Le chemin reprend parmi les cailloux, monte, descend, zigzague ici et là, mais
il reste potable entre Tiolache du Milieu et Tiolache du Haut. Puis vient le
Canyon des Erges. Je m’étais méfiée du nom avant de trouver le récit d’une
famille avec des enfants qui l’avaient passé avec des ânes (encore ces foutus
ânes !). Rien n’était dit spécifiquement à propos du canyon et le récit était
celui d’une randonnée un peu physique, mais sympathique. Sous le soleil et dans
le sens de la montée, il est possible que ce canyon soit agréable à traverser.
Dans le sens de la descente et sous la pluie, il m’a paru moins poétique. Le
chemin commence gentiment, le sol est souple, la descente régulière et en
pente douce. Après le passage technique du matin, je me dis que le reste de la
journée va être une partie de plaisir. C’était sans compter sur les blocs, les
roches, les marches de calcaire et autres obstacles à franchir sur des cailloux
glissants. Aucun passage spécifiquement dangereux ou très difficile à franchir,
mais c’est l’accumulation de ces petits obstacles les uns à la suite des autres
qui use et fatigue le moral : 2 km de pierrailles traîtresses sans repos ni
moment simple. On s’arrête à 14h00 au Pot du Play. On a perdu pas mal de temps
avec ces passages casse-gueule, mais il devient temps de manger et de se
reposer. Étrangement, les humains semblent beaucoup plus fatigués que les
chevaux. Je vérifie l’état des pieds, mais à part quelques éclats en paroi, les
pieds sont nickel. Quartz s’est frotté le glome d’un postérieur et s’est
arraché le périople à cet endroit, mais c’est superficiel. Bandit n’a
strictement rien (mais il ne portait pas le bât non plus). On se jette donc sur
l’herbe pour profiter du soleil qui passe nous voir rapidement. Après tant
d’effort, je fous les chevaux à poil pour la pause, ils l’ont bien mérité.

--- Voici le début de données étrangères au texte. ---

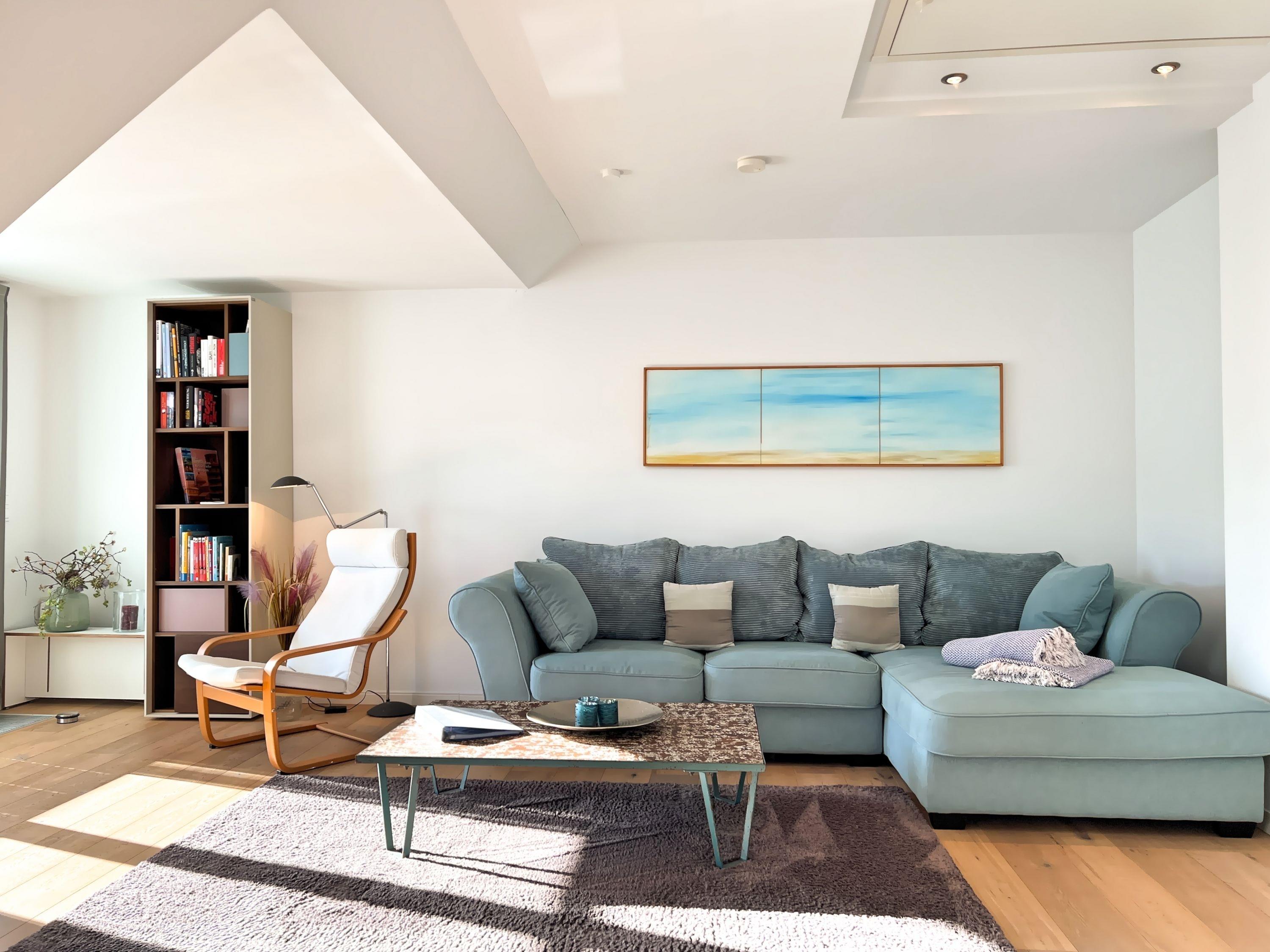 Wohnbereich: Sonnendurchfluteter Wohnraum mit bequemer Eckcouch, Flachbild-TV und Bluetoothbox für entspannte Stunden.
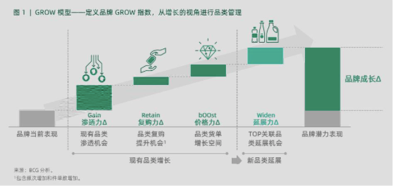 我注意到波士頓和天貓大快消今年提出了一個(gè)“Grow”增長模型。Grow是由4個(gè)英文單詞組成,分別是:Gain(指現(xiàn)有品類滲透機(jī)會(huì))、Retain(品類復(fù)購提升機(jī)會(huì))、bOOst(品類貨單增長空間)和Widen(關(guān)聯(lián)品類延展機(jī)會(huì))。
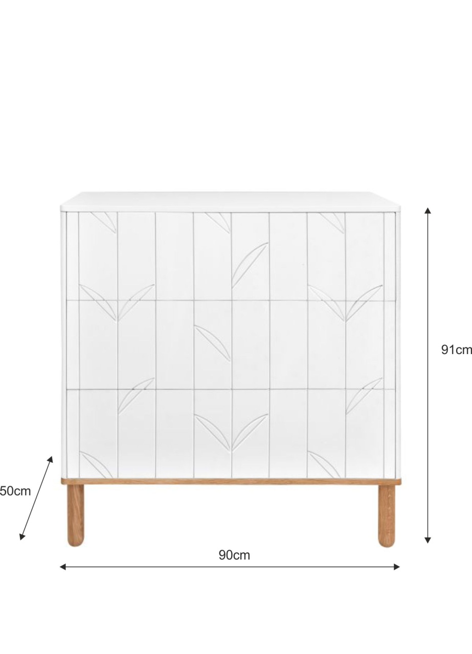 Bellamy Comoda Toteme botanic alb/stejar cu 3 sertare L90 cm
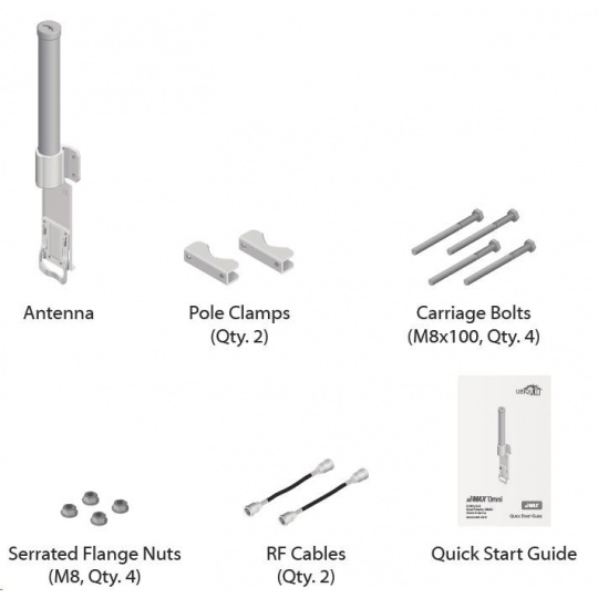 ide o robustné 10dbi všesmerové anténne riešenie pre prístupové body pracujúce v pásme 5 GHz a využívajúce štandard 802.11n v kombinácii s technológiou MIMO. Anténa má dva konektory RSMA typu žena. Súčasťou dodávky sú dva vodotesné pigtaily RSMA na pripojenie k jednotke Rocket M5, držiak pre túto jednotku a montážna súprava na stožiar, pozri. obr.
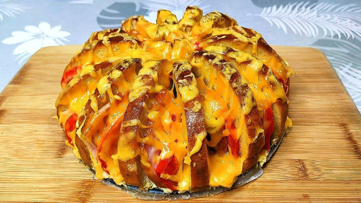 Прекрасный завтрак для всей семьи. Обязательные ингредиенты для коблера – это сыр, яйца и ваша фантазия. По вкусу это блюдо напоминает горячие бутерброды и пиццу одновременно. 1. Батон режем на кусочки. 2. Часть сыра и ветчину режем на ломтики. 3. Вторую часть сыра трём на тёрке. 4. Помидоры нарезаем кружочками. 5. Кусочки батона немного смазываем маслом и выкладываем на противень «солнышком». 6. Между кусочками батона выкладываем пластинки сыра, ветчины и помидора. 7. В миску выливаем молоко. Добавляем соль, специи, яйца и майонез. 8. Взбиваем всё венчиком. 9. Полученную смесь выливаем на противень с батоном. 10. Посыпаем натёртым сыром. 11. Запекаем коблер в духовке при 180 градусах, около 25 минут. 12. Если верх будет подгорать, накрываем фольгой. Больше рецептов вы сможете найти на моём канале Рецепты с Фантазией. Ещё больше рецептов завтраков вы можете увидеть здесь. Понравился рецепт? Пишите в комментариях, мне будет приятно.
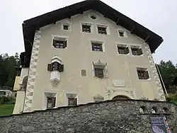 Es liegt an der Via dal Bagn 39 an der Grenze zwischen den traditionellen Dorfteilen Bad und Dorf und ist einer der ersten Exponenten des Heimatstils in Graubünden.
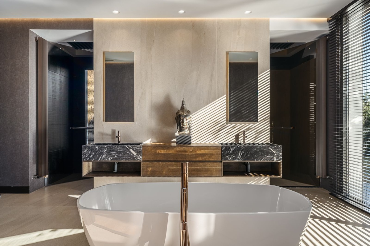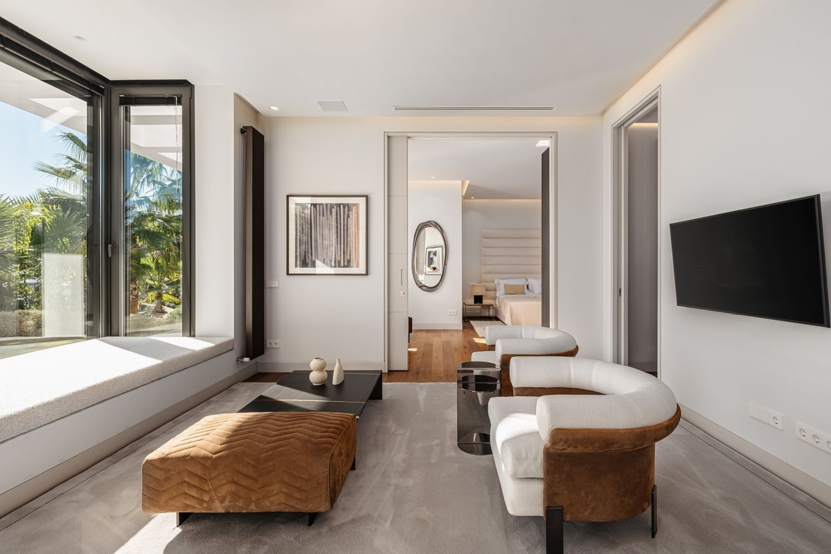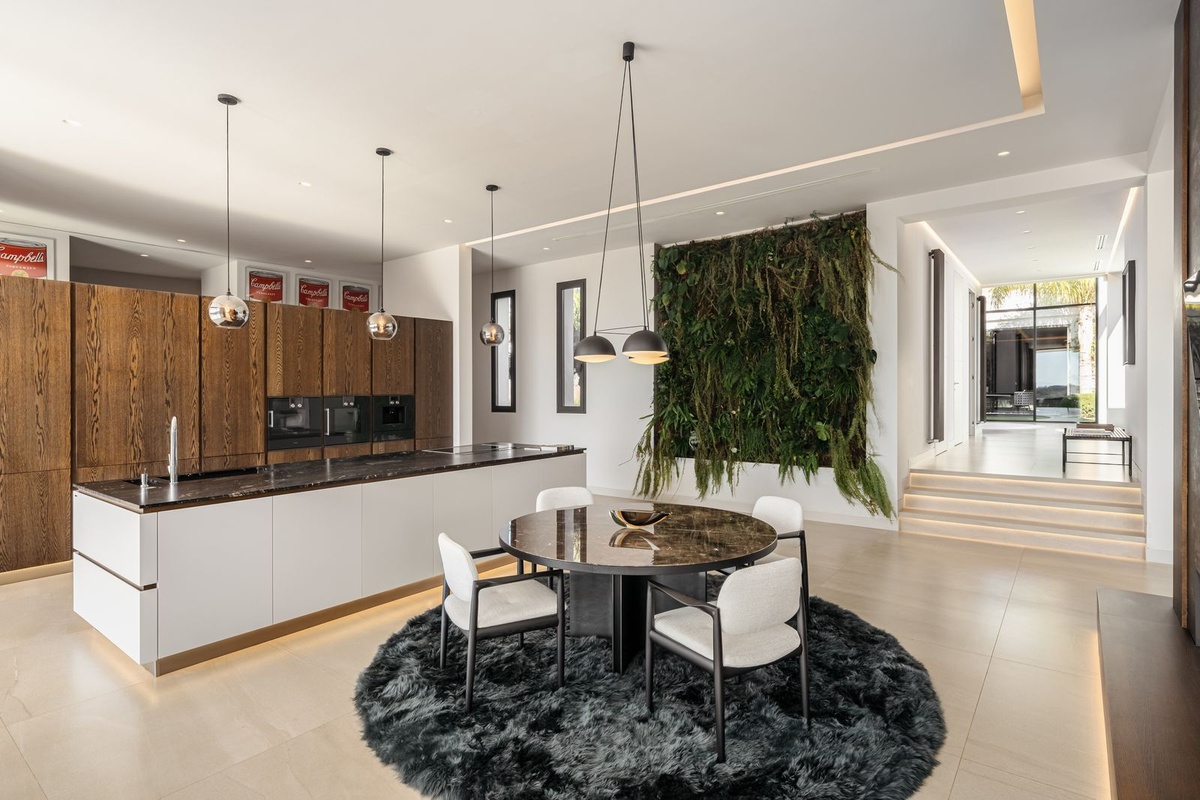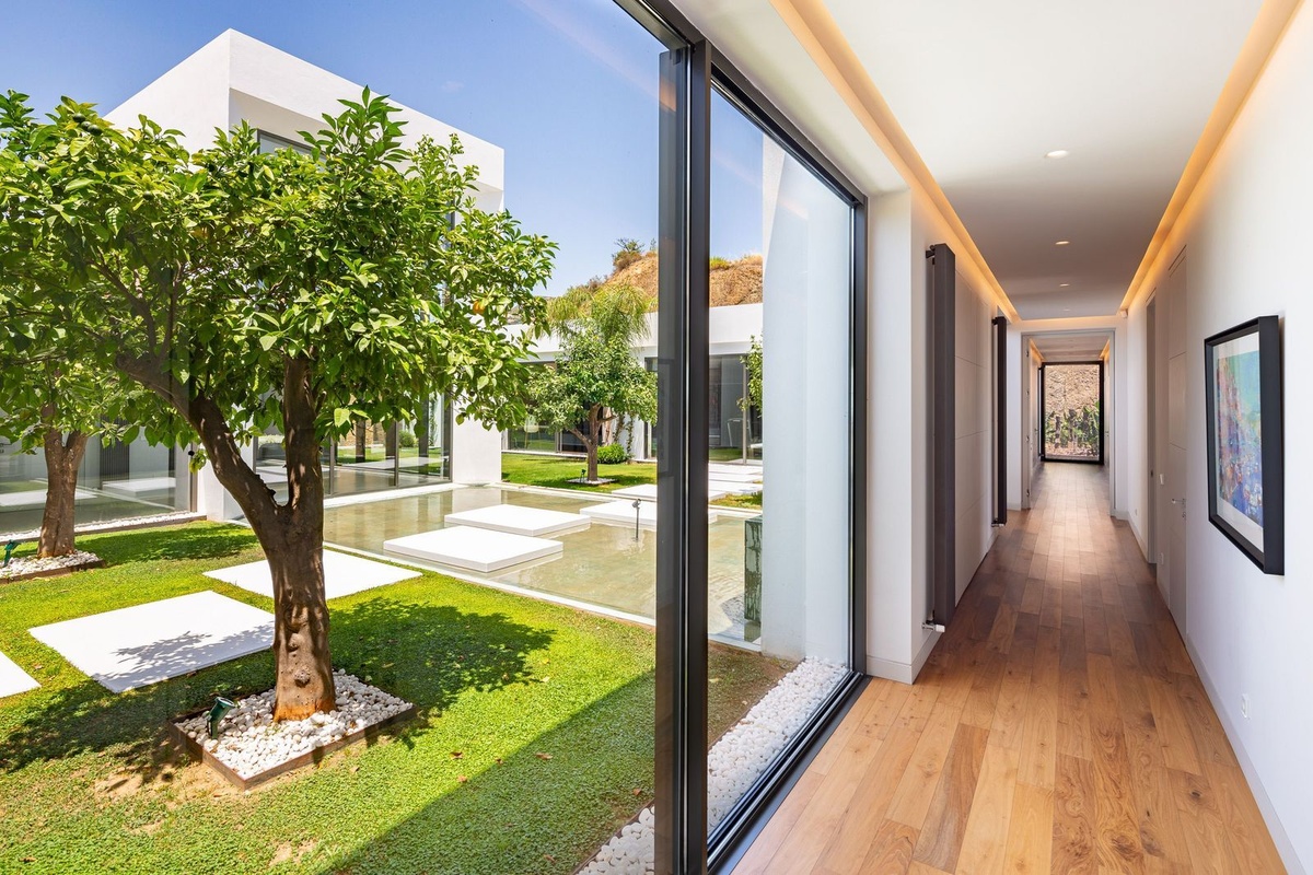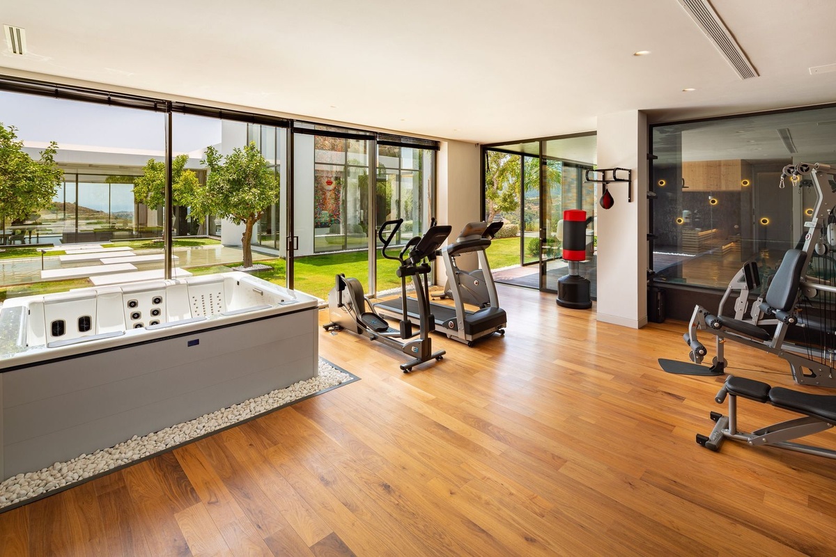 Naast de zes slaapkamers en negen badkamers beschikt dit moderne herenhuis in Marbella over luxe gemakken, waaronder een bioscoopzaal, een fitnessruimte en spafaciliteiten, binnen- en buitenzwembaden, een ruime garage voor zeven auto's en aparte personeelsverblijven.

La suite est, fort heureusement, beaucoup plus paisible jusqu’à la cabane de Carrette. Il n’y a pas de source à proximité immédiate, mais on n’en peut plus et on décide de dormir au chaud, au sec et à l’abri pour une fois. Nous sommes les premiers arrivés et nous nous étalons donc partout. On espère même un moment être les seuls, mais nous finirons par accueillir quatre autres randonneurs, le dernier étant arrivé à 21h00 (il voulait faire la traversée du Vercors en deux jours et espérait rentrer le lendemain soir à Lyon... mhh). Le temps de préparer le couchage, je prends la direction de la source un peu après la Porte Barnier avec les chevaux. Nous faisons tout juste 300 mètres avant de tomber sur une grande flaque d’eau propre où ils se désaltèrent longuement. Les chevaux ont bu, certes, mais les humains ont soif (et nous n’avons plus de bière Dodo). Je prends un sac à dos, toutes les gourdes, et décide de trouver cette fameuse source pour jouer les Causettes. Manque de bol je me prends un nouvel orage sur le coin du nez et ne trouve pas d’eau à ladite source, qui est en réalité une grotte accessible après quelques pas d’escalade simples. Nous disposons donc de 3 litres pour quatre personnes pour le repas du soir et le petit déjeuner. On ne mourra pas de faim, mais on aura un peu soif tout de même. Tous les autres randonneurs sont dans le même cas, pire même je dirai, car certains d’entre eux ont moins d’un litre pour continuer le lendemain jusqu’à la prochaine source qui se trouve à quinze bornes. Nous le prochain point d’eau, c’est Corrençon à 5 km. C’est le jeu des Hauts Plateaux, les orages n’auront pas fait déborder toutes les nappes phréatiques, on n’en est pas morts pour autant.